Using Fail2Ban with Cloudflare

security

#cloudflare

Introduction

Even on the free tier Cloudflare provides some great features to protect your website against attacks. But what if still want to use Fail2Ban to protect a login form or API for example? In this case Cloudflare needs to know the IPs in you fail2ban jail. Luckily Cloudflare has an API available which we can use to solve our problem. The required API is also available on the free Cloudflare tier, so you don’t have to worry about monthly subscription costs.

Fail2Ban Action Configuration

I will use my Seafile server in this example. This also works for any other Fail2Ban configuration. First, we need to start with the Fail2Ban action configuration. In the action.d folder you can already find a cloudflare.conf however this version is outdated and does no longer work. So, we head over to Github and get the updated version:

https://github.com/fail2ban/fail2ban/blob/master/config/action.d/cloudflare.conf

I will simply replace my local action, but you can of course create another one with a different name. After cloning the Cloudflare action you only must configure two parameters: cftoken, which is your global API token and cfuser, which is your Cloudflare accounts mail address. 

[Init]

# If you like to use this action with mailing whois lines, you could use the composite action
# action_cf_mwl predefined in jail.conf, just define in your jail:
#
# action = %(action_cf_mwl)s
# # Your CF account e-mail
# cfemail  = 
# # Your CF API Key
# cfapikey = 

cftoken = YOURGLOBALAPIKEY

cfuser = YOURCLOUDFLAREMAIL

cftarget = ip
Unfortunately, you have to use your global API key. This may change in future versions.

After edition and saving the configuration file we can continue with the jail configuration.

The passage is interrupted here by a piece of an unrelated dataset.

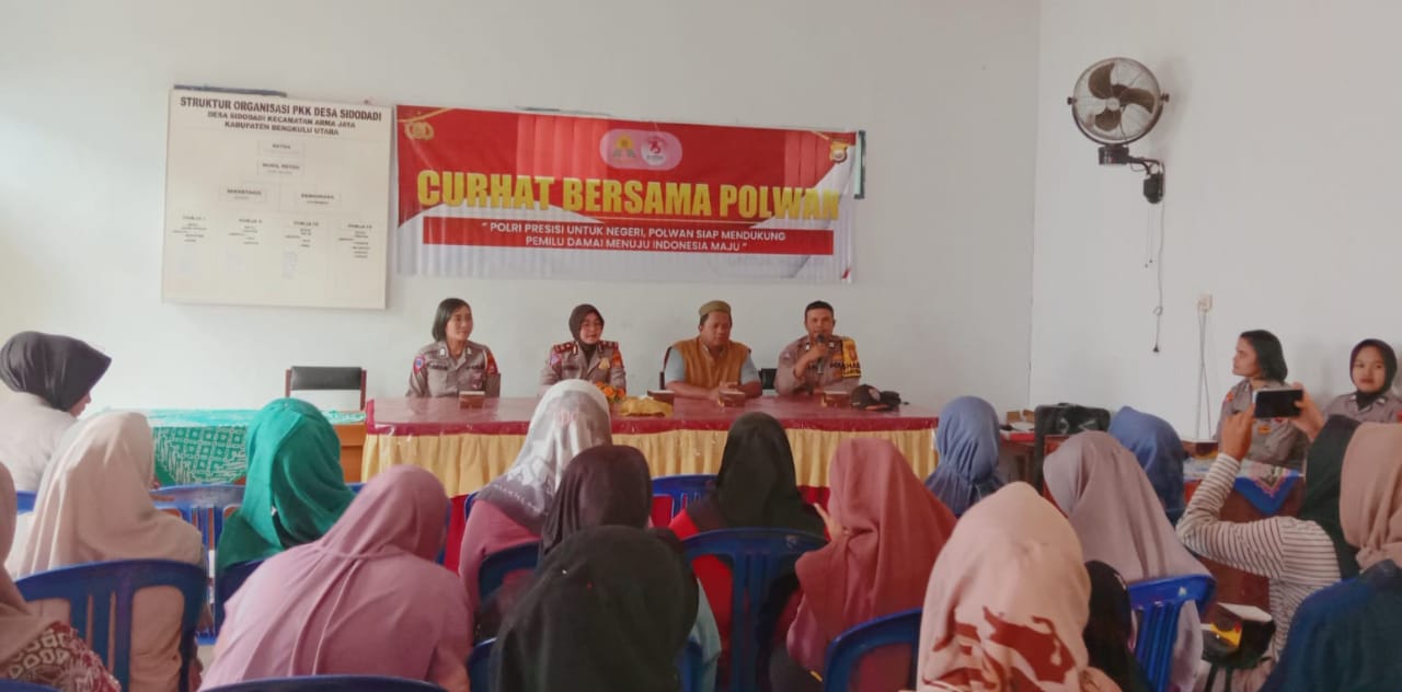 Bengkulu Utara – Sebagai wujud agar lebih dekat dengan masyarakat, Polisi Wanita (Polwan) Polres Bengkulu Utara melaksanakan kegiatan Curhat Bersama Polwan kegiatan ini merupakan rangkaian dalam rangka HUT Polwan, kegiatan ini dilaksanakan di Desa Sidodadi Kecamatan Arma Jaya Kabupaten Bengkulu Utara, Sabtu (05/08/2023).

Fail2Ban Jail Configuration

In you jail configuration add the following action:

action = cloudflare
    iptables-allports

Keep in mind that the action name depends on the name you defined in the Fail2Ban action configuration.

My complete jail configuration looks like this:

[seafile]

enabled  = true
port     = https
filter   = seafile-auth
logpath  = /opt/seafile/logs/seahub.log
maxretry = 3
action = cloudflare
    iptables-allports

Test your Fail2Ban Configuration

After you have triggered the Fail2Ban action you should find a new entry in you Cloudflare IP-Access-Rules list (Firewall -> Tools). You should find a new entry with your ip address and your jail name in the description. The API call configured in the cloudflare.conf will block the ip address for your whole Cloudflare account. That means the ip address will get blocked on all proxy enabled domains in your Cloudflare account.

cloudflare-rule

You can still use unbanip to remove your ip address from your configured jail:

fail2ban-client get YOURJAILNAME actionunban YOURIPADDRESS

Conclusion

Using Fail2Ban with Cloudflare proxy enabled is pretty easy and completely free (at least until the date this post is published). So, what are you waiting for? Improve the security of your servers and services.